Laurenti respirò con tanto di polmoni, come dovrebbe respirare Encelado, se gli levassero l'Etna dallo stomaco.
Intanto il trapiantamento della camelia era condotto a buon fine, e il giardiniere dilettante, non volendo lasciarsi fuggire il giardiniere maestro, fino a che non si sbottonasse del tutto, lo tenne a bada col fargli vedere per ogni verso il teatro delle sue geste agronomiche e botaniche, considerate con molta attenzione, e lodate con acconcie parole dal sentenzioso orticoltore.
–Vossignoria conosce il mestiere a menadito. Già, loro signori, quando ci si mettono, vengono a capo d'ogni cosa.
Sempre intento a trovare un nuovo appicco al discorso che gli premeva, Laurenti condusse Giacomo a vedere le sue raccolte entomologiche, i suoi ofidii, i suoi batracii ed altre simiglianti bellezze della natura vertebrata. Le quali cose veggendo, e in particolar modo alcuni mostricini e pezzi patologici conservati nello spirito, il Giacomo spalancò la bocca ed inarcò le ciglia.
–Ma Vossignoria è medico!
–Medico e chirurgo;—soggiunse Laurenti—ma non ho studiato quest'arte, se non per impratichirmi in alcuni rami delle scienze naturali, e non ho mai più fatto un salasso, nè scritto una ricetta.

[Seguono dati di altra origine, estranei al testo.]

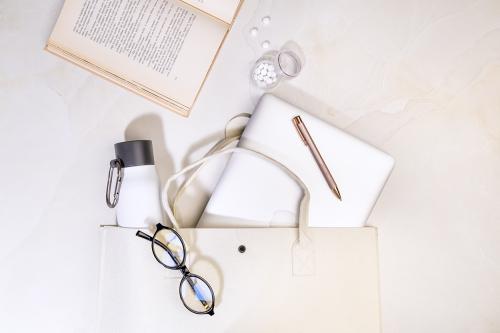 RPET felt shopping bag with gusset, button closure strap and short handles. With distinctive RPET label.
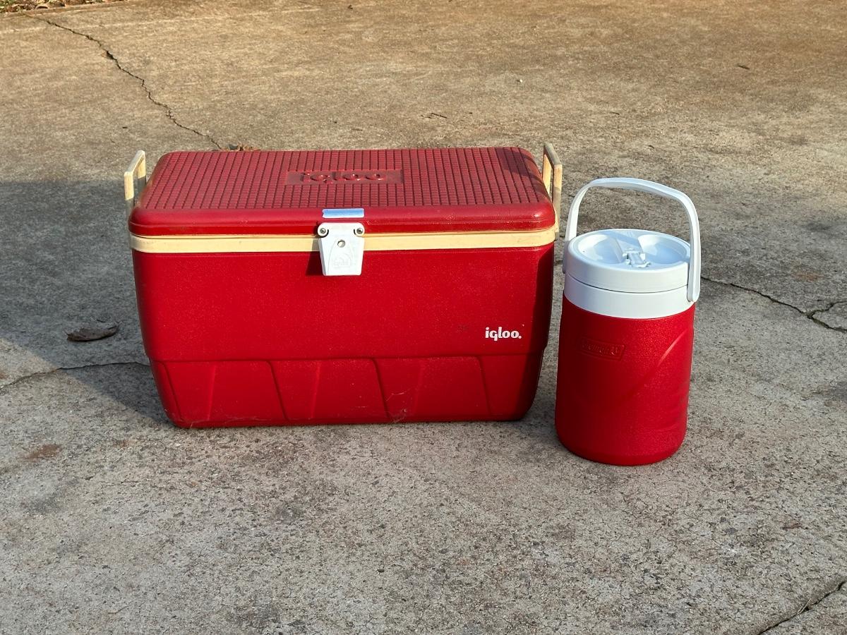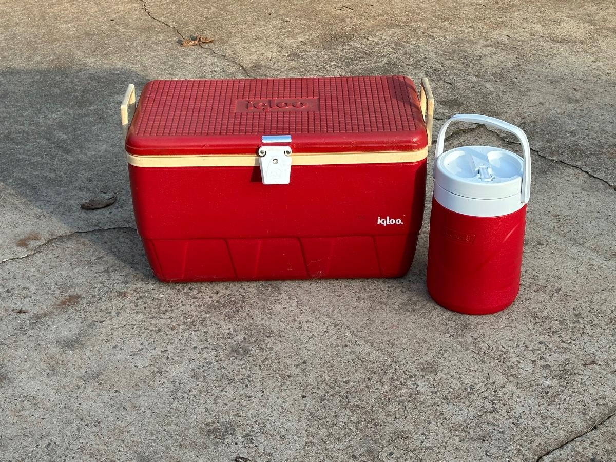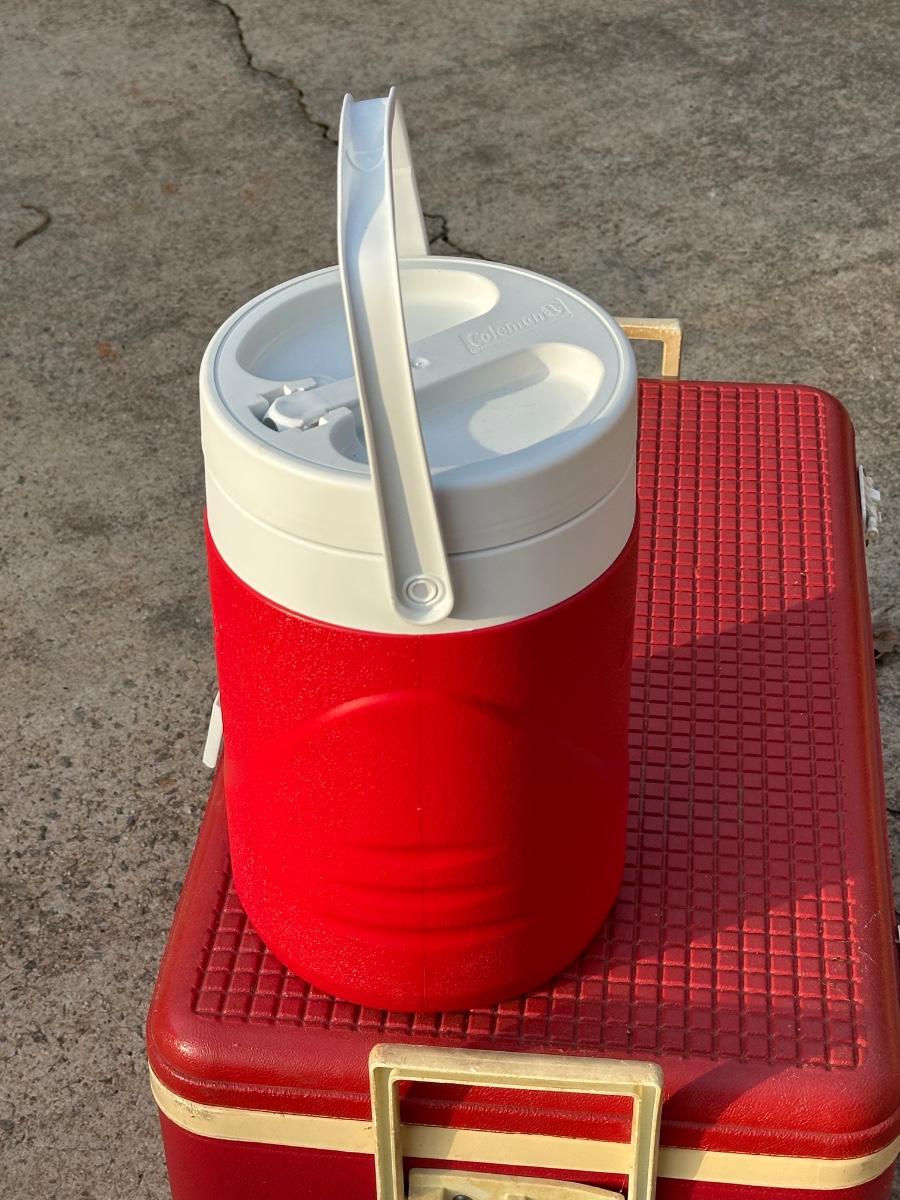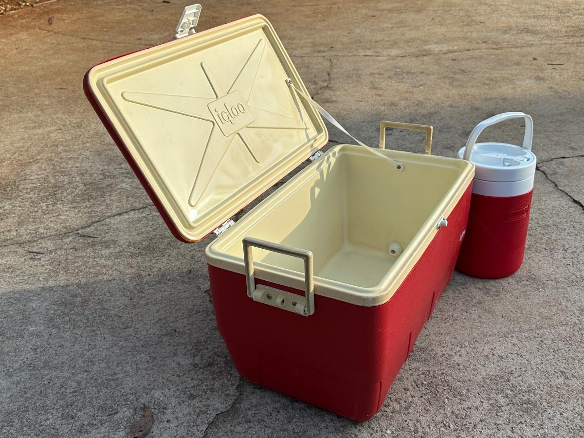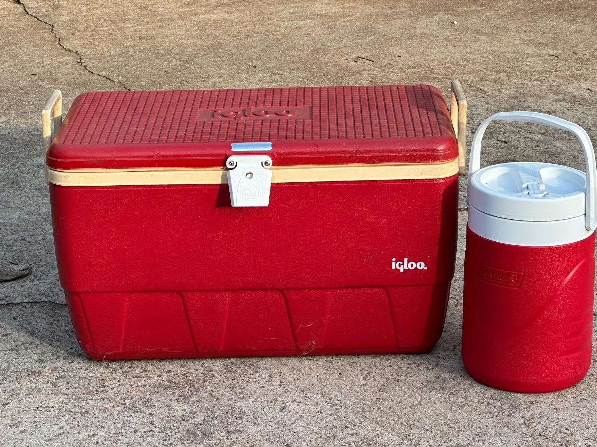Red Vintage Igloo Cooler & Coleman Water Bottle

–Oh, non importa;—ripigliò il Giacomo.—Vossignoria ha da essere pur sempre un uomo che sa il fatto suo, da quello che vedo. Non fo per entrare nelle sue faccende, che non mi risguardano, e ricordo il proverbio dei miei vecchi: «impacciati ne' fatti tuoi;» ma Ella fa molto male a non esercitare una professione così bella. O che, mi canzona? Quel toccare il polso ad una persona, e veder subito, ad occhi chiusi, che cosa ci ha dentro di guasto; trovare per ogni male il suo rimedio, come io lo trovo per le mie piante….. E dire che le mie piante, quando hanno male, le si capiscono subito, e i rimedii si contano sulle dita; laddove per gli uomini, e per le donne, gli è un altro paio di maniche. Ma io vado fuori del seminato, con queste mie chiacchere…..

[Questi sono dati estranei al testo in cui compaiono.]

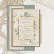 White Floral Hydrangea Roses Gold Cream Wedding Invitation
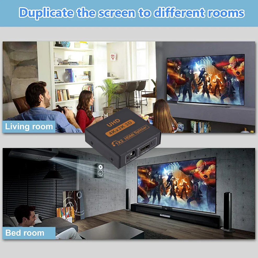 1. El divisor HDMI 1x2 es un concentrador flexible para varias pantallas. Puede conectar dos asignadores HD para formar un asignador más grande. 2. El divisor HD puede conectar la entrada de la fuente de señal HDMI al divisor con un solo cable HD (que debe comprarse por separado). 3. Este divisor HD admite señales de audio y vídeo. Rendimiento del productoConecte varios monitores HD a una fuente de señal de vídeo de 1 canal para una visualización simultánea.
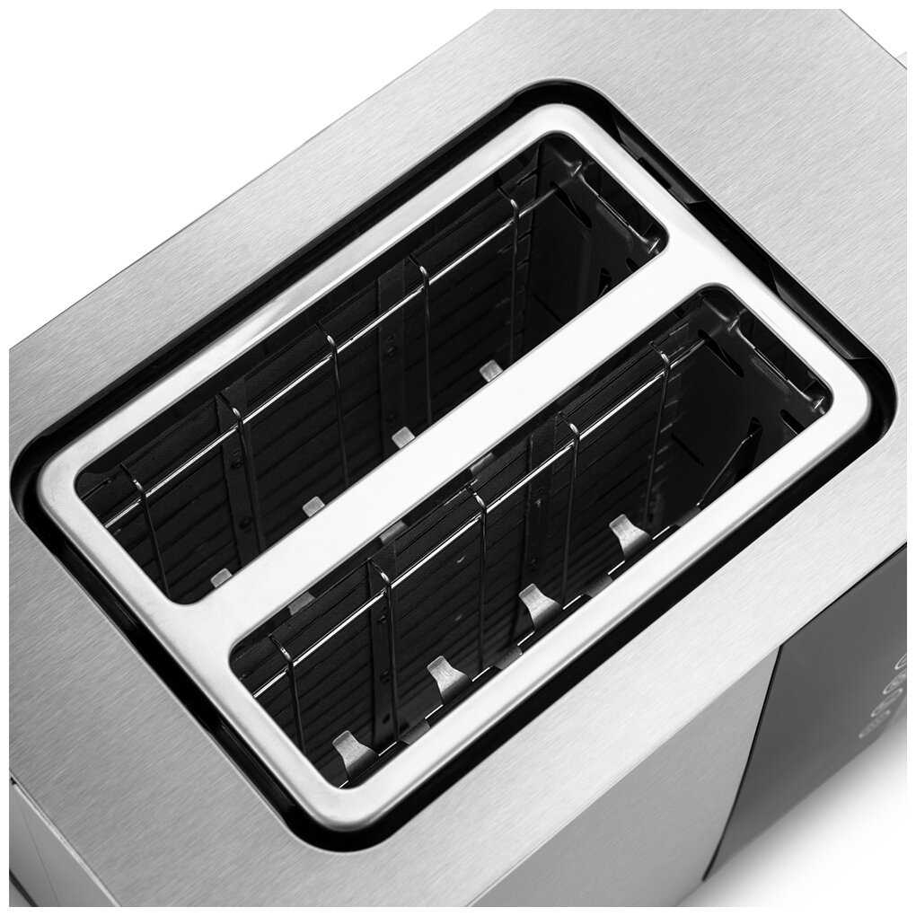 4. Помещает в себя стандартные тосты, но и толстые ломтики хлеба, булочки или даже небольшие круассаны. Легко чистить от крошек из-за съемного лотка.
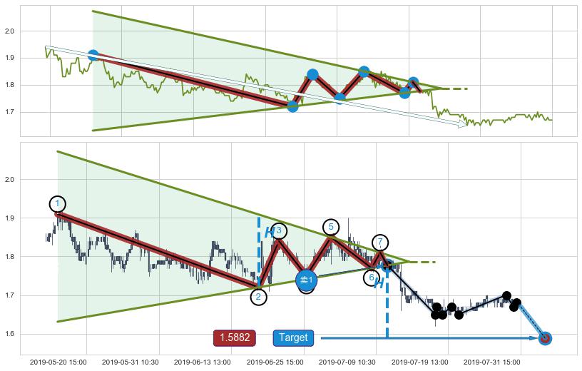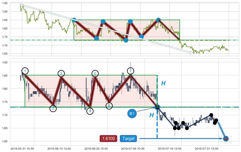 ➣ 最小中继整理跌幅→𝐇: 0.120000 (上平行阻力线与下平行支撑线的垂直距离)
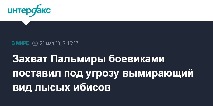 Москва. 25 мая. INTERFAX.RU - Захват сирийской Пальмиры боевиками из группировки "Исламское государство" (ИГ) мог полностью уничтожить сирийскую популяцию лысых ибисов, сообщает в понедельник BBC News.
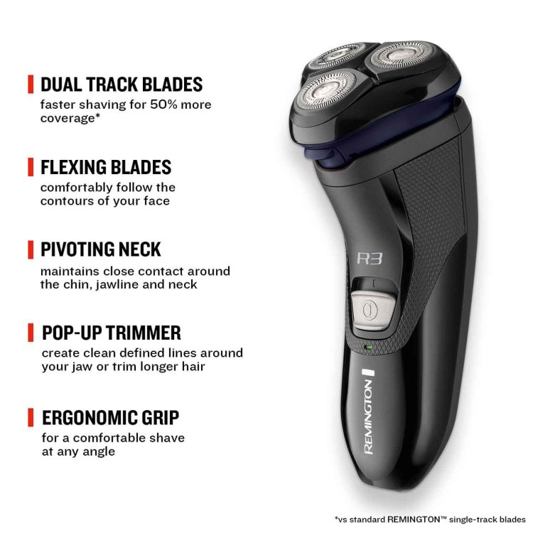 The Remington R3 Style Series Rotary Shaver is built for everyday performance, whether you're maintaining a clean shave or shaping up stubble. Dual Track Blades deliver efficient cutting, while flexing heads and a pivoting neck keep close contact around the contours of your face, chin, and jawline for a comfortable shave.
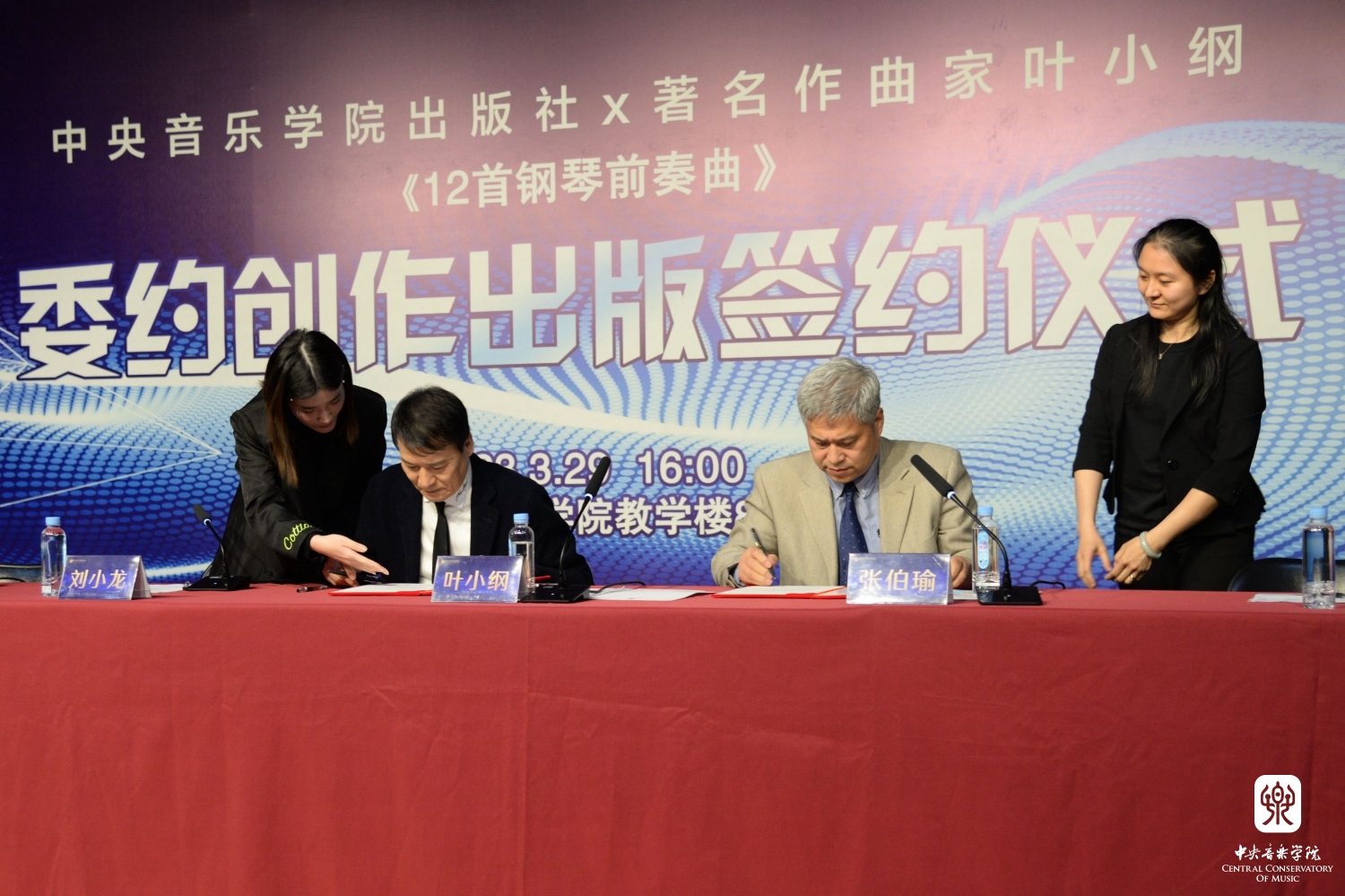 在双方负责人的见证下,张伯瑜社长代表开云kaiyun官方网站出版社与作曲家叶小纲签订协议。

–No, caro Giacomo; amo anzi molto di barattare quattro parole colla brava gente del vostro stampo.
–Grazie della sua bontà!—rispose commosso il giardiniere, e nella commozione si lasciò andare a stendergli la sua mano callosa.—Verrò, con sua licenza, a vederla qualche volta, e per fare qualcosa, le darò anche una mano in giardino. Vossignoria, per esempio, mi scusi veh!… ma non la mi sembra aver molta pratica delle margotte.

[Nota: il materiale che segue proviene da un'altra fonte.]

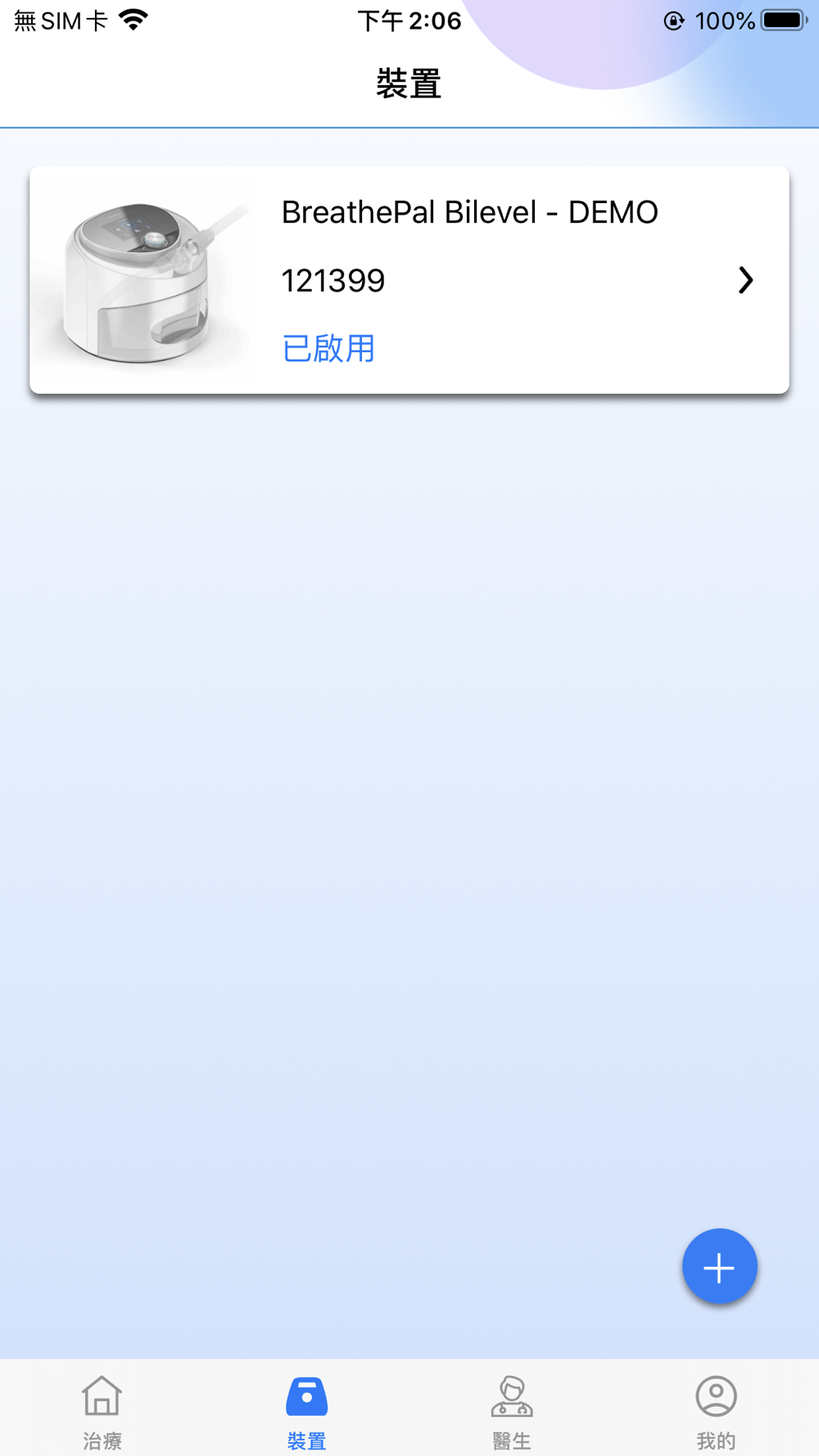 注意 : 若要使用此應用程式,請記得將機器端的Wi-Fi功能開啟,並依操作手冊完成連線設定,以確保治療數據完整且即時上傳。
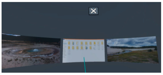 In this interface, the basic mouse interaction for the traditional desktop is adapted to a 3D laser pointer using one of the Vive controllers. The pointer has a blue laser light that gives an indication about where it is pointing to. Both hands can be independently used to control the pointer. Developing the idea of the laser pointer with some clicks, the user can interact with the 3D desktop in the immersive VR environment. An example of the user interaction in the point-and-click UI is shown in Figure 6. As mentioned above, the Vive controller is used to simulate the 3D laser pointer. The Vive controller has several input methods and only two of them are used, the trigger and trackpad. The trigger button is used for the tasks of opening, deleting, duplicating, and closing, where the users need to point to the intended place and then click the trigger. While the trackpad is used for scrolling and scaling tasks. The users need to move one finger on the touchpad right or left for scrolling, and up or down for scaling (zoom in or zoom out respectively). A summary of the desktop tasks and their corresponding interactions using the point-and click UI is found in Table 1. The menu is always displayed at the lower layer, the user can point and choose any type of objects.
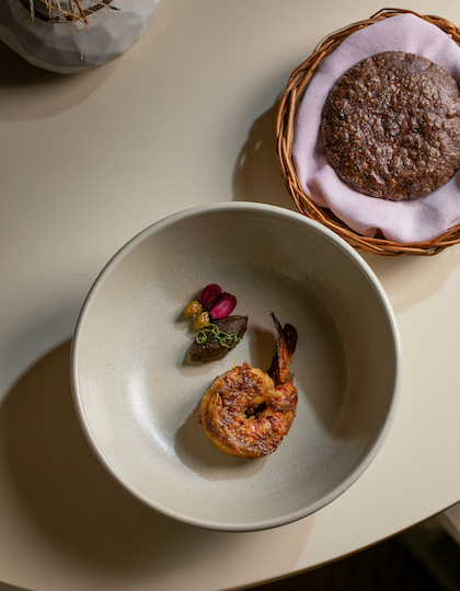 Tiger prawns and ragi bhakri, left, and fermenting gun powder miso paste
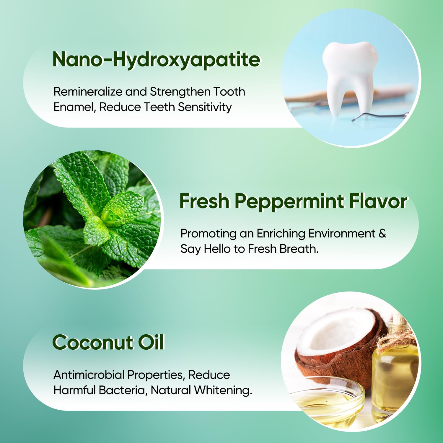 - NANO HYDROXYAPATITE: Helps to remineralize and strengthen tooth enamel, making it beneficial for people with sensitive teeth. Nano hydroxyapatite can effectively fill in microscopic enamel imperfections and provide protection against tooth decay.

–Avete un subbisso di ragioni; fo tutto d'inspirazione, come vedete, e avrò caro che mi correggiate. Ma… le vostre visite non dispiaceranno poi… al vostro padrone?
–Che padrone? Io non ho padroni. La mia signora, che è sola in casa e comanda lei, è una dama come va, e non sarà dolente, quando lo sappia, che io faccia qualche cosa per un così buon vicino, e sopratutto così cheto, che non lo si sente mai.